I took the job because at the time there wasn't anybody to do it. Nobody was certain of a place, so I agreed to take it. If somebody is there to take over the vice-captaincy, I am glad to hand it over to him. I just want to be a player, support the team and win. Even before the 2011 World Cup, if there is someone better than me, I don't mind giving my place to him. I enjoy cricket as a player. Vice-captaincy is not something that I have given much thought to.
ODI cricket has changed a lot because of the Powerplay. Our bowlers have not adjusted to it properly. They have to work out how to contain, especially in the Powerplay. Because the wickets are so good in India, the bowlers suffered more than in any other part of the world. Teams keep the batting Powerplay till the end to maximise it and sometimes it backfires.
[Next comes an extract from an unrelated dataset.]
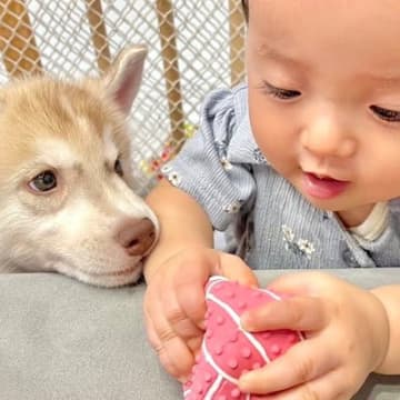 ハスキー兄妹さんと赤ちゃんとの微笑ましい日常が、YouTubeチャンネル「もんちゃんっていうよ。」に...

We have a very good chance. We have to get into the quarter-finals. The best way of qualifying is to not clash with India. Then all the quarters and semis will be played in Sri Lanka. The only thing is the officials have to prepare wickets that are drier and suitable for spin and batting.
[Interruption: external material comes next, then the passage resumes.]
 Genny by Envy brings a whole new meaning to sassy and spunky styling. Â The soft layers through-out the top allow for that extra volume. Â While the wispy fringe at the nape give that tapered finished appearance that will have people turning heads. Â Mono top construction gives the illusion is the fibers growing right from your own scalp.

You can't judge a bowler in one or two years. You have to give him a span of four to five years and allow him to mature. Nobody picked Ajantha at the beginning and he bamboozled everyone. He came into the limelight very early.
"Whenever Mendis comes to bowl, they expect him to take wickets. It is affecting him. You have to treat him as a normal bowler, one who takes wickets on and off. On his day, he will take big wickets"
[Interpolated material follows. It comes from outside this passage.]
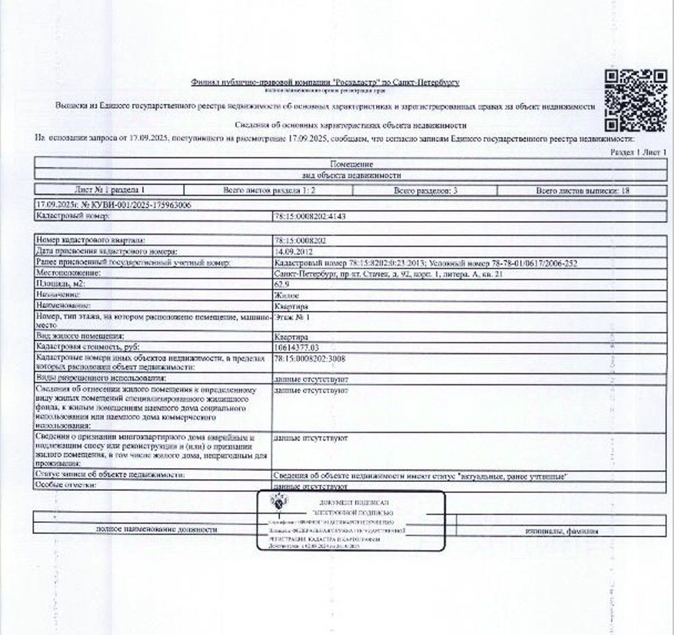 квартира по адресу: г. Санкт-Петербург, пр. Стачек, д.92, корп.1, лит.А, кв.21, общ. пл. 62.9 кв.м., кадастровый номер 78:15:0008202:4143

My plan is to play the two Tests against West Indies [at home] and finish with 800 wickets. I want to play ODIs till the 2011 World Cup, but I must see how things go, how important I am going to be to the team. I don't want to be selfish. If they think I can still deliver, I will play. Otherwise I am happy to quit because I have plenty of offers to play from counties and from Chennai. I must see how my body can take it. My body cannot afford Test cricket anymore because I have bowled thousands of overs and I can feel it. I just can't force myself to play. Twenty20 is four overs and I am not playing for my country. In one-day cricket you bowl only 10 overs, so I can manage.
I think I've had a pretty good career. I have both bowling records in Test and ODIs. I have taken 66 five-fors and 45 four-fors, which means out of 132 Tests I have failed only in a handful - maybe 3% to 5%. In one-day cricket I have taken 512 wickets in 334 matches, average 22 and an economy rate of 3.9.